The success of the last home entertainment milestone, high-definition TV, relied upon the formation of an elaborate infrastructure before consumers welcomed it into their living rooms.
Broadcasters were ordered by law to shut off, by mid-2009, the analog-TV signals that had delivered broadcasts since the 1920s and begin offering TV over more efficient digital signals to free up the public airwaves for other uses like wireless data. Consumers used this as an opportunity to upgrade to fancier high definition digital TV sets.

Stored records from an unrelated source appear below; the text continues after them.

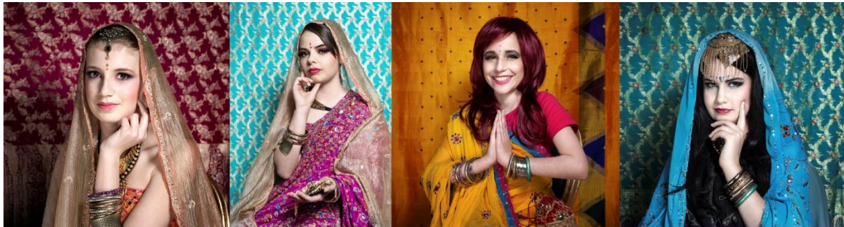
Fototermin mit KONA: Motto "indische Prinzessinnen"

Bei 5 Sessions in Kooperation mit KONA München (Koordinationsstelle psychosoziale Nachsorge für Familien mit an Krebs erkrankten Kindern) www.krebskindernachsorge.de können wir Fotos mit 17 Jugendlichen machen, bei einem weiteren Termin im Herbst, der als Fotoworkshop zum selbst ausprobieren gedacht ist, nehmen 11 Jugendliche mit großer Begeisterung teil.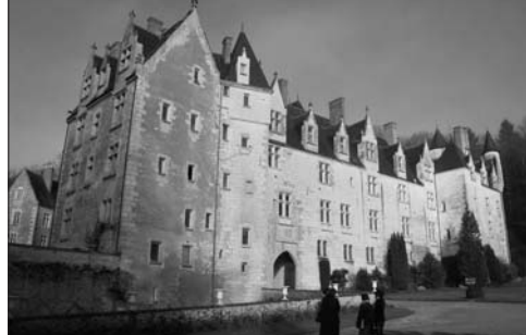
Château de Courtanvaux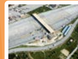
Autoroute Grèce Coût du marché: 2,1Mds€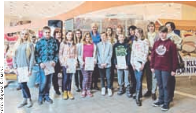
Vsi sodelujoči kamniški učenci so na odprtju razstave Plakat miru – Mir povezuje prejeli priznanja.

V organizaciji Lions kluba Kamnik je v Qlandiji Kamnik potekalo odprtje razstave Plakat miru.

An entire ecosystem of devices, such as Blu-ray discs, video-game consoles and pay-TV distributors, supported the transition.
Buoyed by the success of blockbuster films like “Avatar,” the electronics industry attempted to convince consumers to upgrade yet again to new 3-D TVs. But they never caught on with mainstream viewers, who resisted the idea of donning clunky 3-D glasses to watch TV in their own living rooms.
Ultra HD video has sought out a different path into your home. Online streams of Ultra HD quality are already being delivered by services such as Netflix and Amazon and supported by the Internet’s dominant video site, YouTube. Theaters have been screening 4K movies since 2007, to considerably less fanfare than the 3-D movies.
For the moment, screens capable of displaying the video at full 4K resolution in the home are in short supply. The first Ultra HD displays aren’t expected to reach mobile devices — starting with tablets — until next year, based on DisplaySearch projections. Sales of 4K TVs could increase tenfold this year over the prior year’s modest volumes as major manufacturers drop prices below $2,000, according to Strategy Analytics’ forecasts.
Cable, satellite and telecommunications companies are unlikely to hop on the Ultra HD bandwagon until more TVs are in American homes — a development that is still years away. Even though a high-profile sporting event like the 2014 World Cup soccer games were captured in 4K by Brazilian TV service Globosat, using Broadcom technology, those broadcasts weren’t carried by America’s leading sports network, ESPN.
For electronics makers, Ultra HD is a long-term bet. Takeshi Ito, chief technology officer for Sony Mobile, said the Xperia phone is only one component of the Japanese conglomerate’s efforts to advance 4K that also includes the movies produced by its Sony Pictures Entertainment division, its professional cameras and projection equipment, and its TVs for the home.
“Through the HD era, you could only capture HD-resolution video with a high-end recorder,” Ito said. “Nowadays, the device you capture the image on is actually the smartphone … which can expand the availability of content.”